Первая жена - Франсуаза Шандернагор Страница 53
Первая жена - Франсуаза Шандернагор читать онлайн бесплатно
Я не стала задавать ему вопросов, выяснять, что могла она сказать нашему общему жениху, чтобы он, наконец, „решился“ увидеться с ее родителями и повторить в понедельник вечером то предложение, которое он уже сделал мне с утра. Зачем бередить рану? Я ведь думала, что понимала, в чем дело… Когда Ирен узнала, что любовник ускользает из ее рук, она пустилась на все, чтобы удержать его: как приговоренная к смерти, она заявила, что беременна, чтобы оттянуть „кровавую“ развязку на несколько дней, на несколько часов…
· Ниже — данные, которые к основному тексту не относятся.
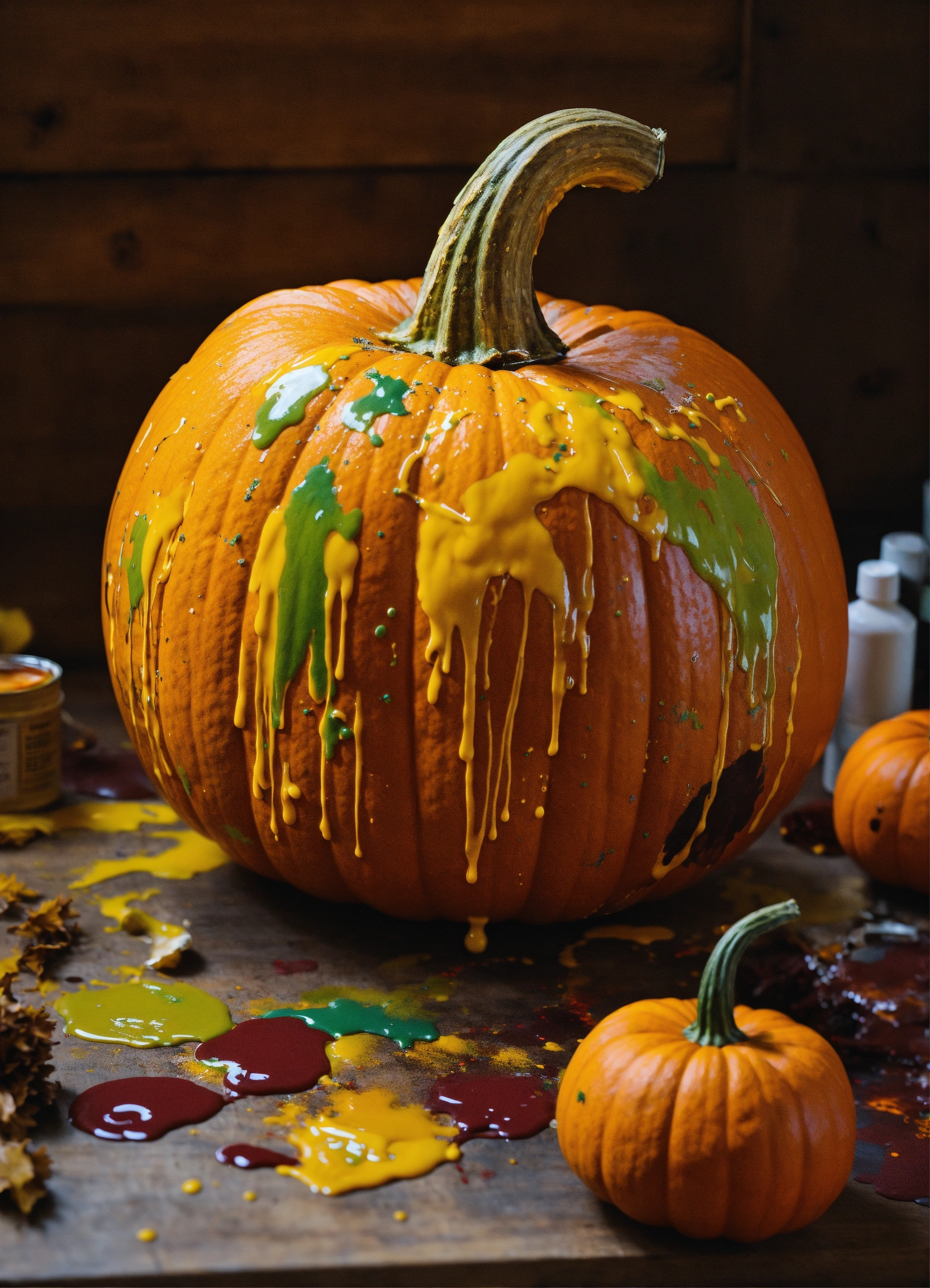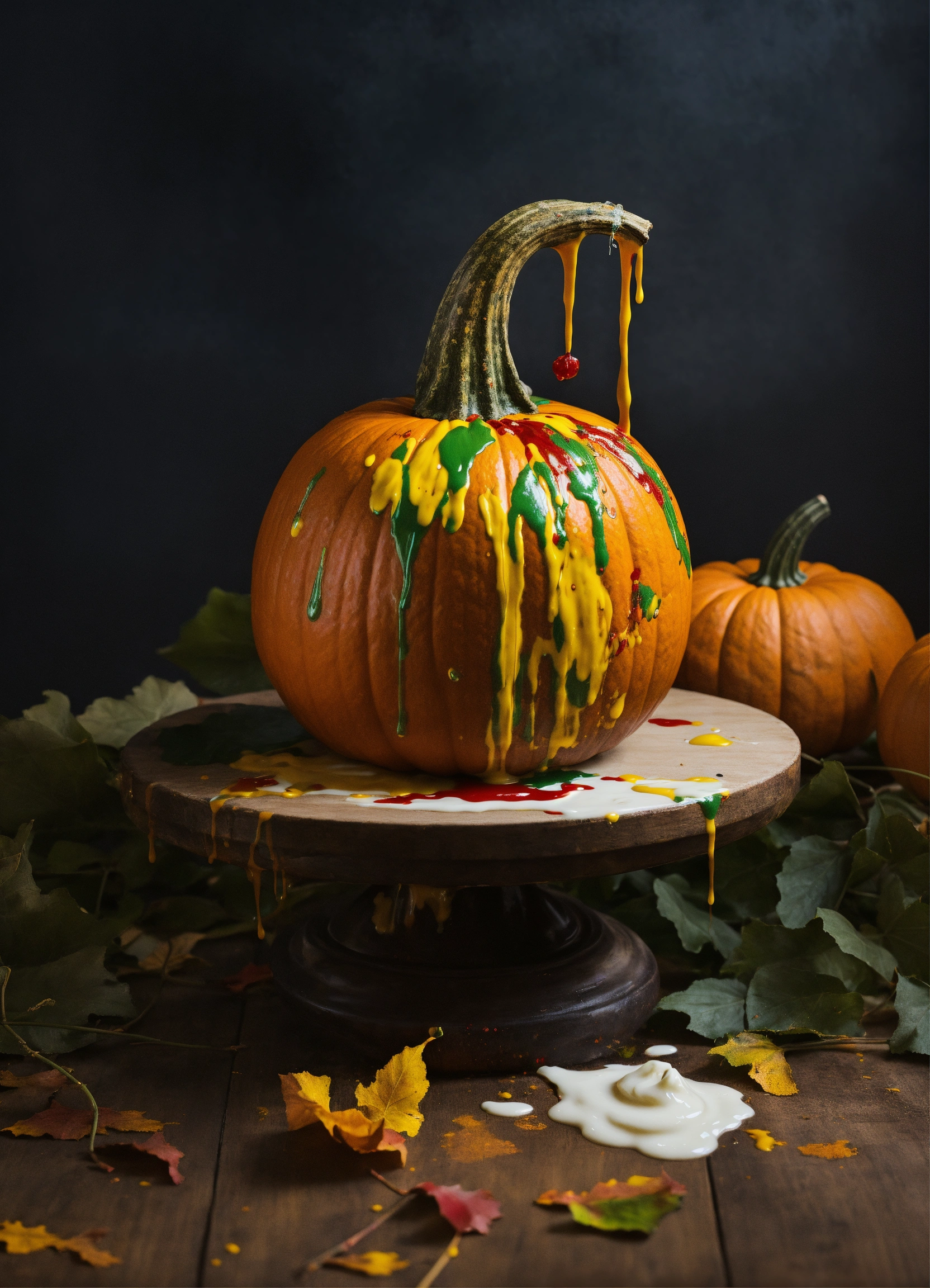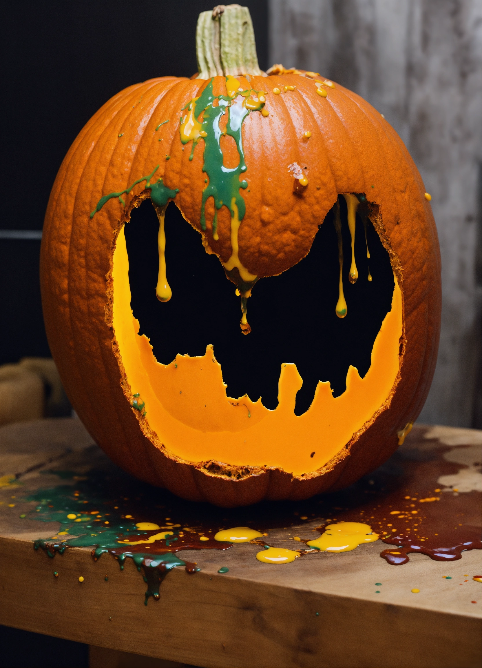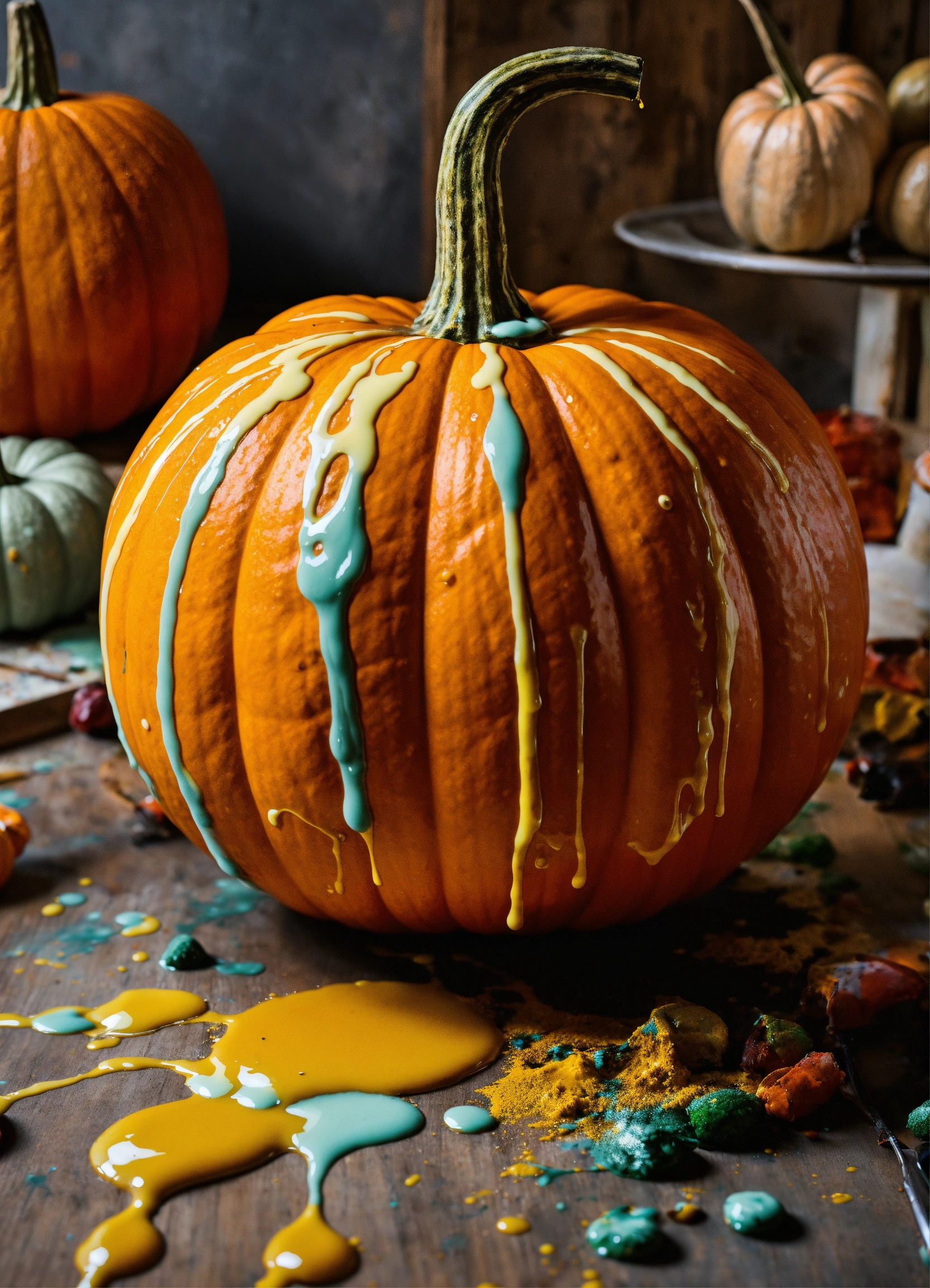 A pumpkin dripping with paint
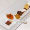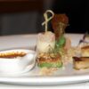 Die Vorspeise geht dann schon richtig in „die Vollen“ und präsentiert sich mit einer Variation von der Leber. Um das Kind beim Namen zu nennen sind dies: Gebratene Stopfleber, Leber Crème brûlée, Lebereis, Törtchen von Leber, grünem Äpfel und Haselnuss, Lolly von Leber und Birne, Mouse Ring von Leber und Schokolade, Apfel Chutney, Apfel Gel, Brioche auf Apfel Saft-Basis und Geschmorte Linsen.

Через много лет, когда Франси уже бросил меня ради Лор, мы опять обедали вместе с Ирен и вернулись к этому „суточному двоеженству“, неясное воспоминание о котором смущало нас и всегда между нами стояло, хотя мы никогда о нем не говорили. И впервые (через двадцать шесть лет после того случая!) я осмелилась расспросить свою „старинную соперницу“:
— Ты действительно говорила Франси, что беременна, чтобы убедить его разорвать помолвку со мной?
— Беременна? Да, Катрин, он никогда не дал бы себя поймать на такой крючок! У меня не может быть детей, в двадцать пять я уже об этом знала. Франси тоже это было известно. Он никогда не говорил тебе об этом? Он же поэтому и решил, что на мне не женится: представляешь — ирландец, и без детей! Из-за этого он меня и бросил, из-за этого он на тебе и женился.
Таким образом, он лгал, предлагая мне поверить, что его обманули… Двойная ложь, картина-обманка, выполненная рукой мастера! Никто лучше него не умел выстраивать ложные перспективы, создавать впечатление глубины и рельефа, однако на самом деле за всем этим была пустота или кто-то, настолько хорошо спрятавшийся, что его было никак не обнаружить. Из всех этих декораций, видимостей всплывала лишь одна истина — мой живот. Я была просто первым „животом“, а не первой женой. Хронологическое преимущество было у Ирен.
Впрочем, пользовалась она им не очень долго: через полгода после нашего разговора я смогла объявить ей, что ее опередили. Муж отправил мне большие картонные коробки: я должна была переслать ему папки, оставленные им у меня в Комбрайе, — рукописи по финансовым вопросам, которые он опубликовал, записные книжки последних лет, новогодние поздравления, которые посылали ему друзья; поздравительные открытки за пятнадцать лет, сложенные в бежевые папки! Этот человек хранил все… за исключением „женщины его юношеских лет“!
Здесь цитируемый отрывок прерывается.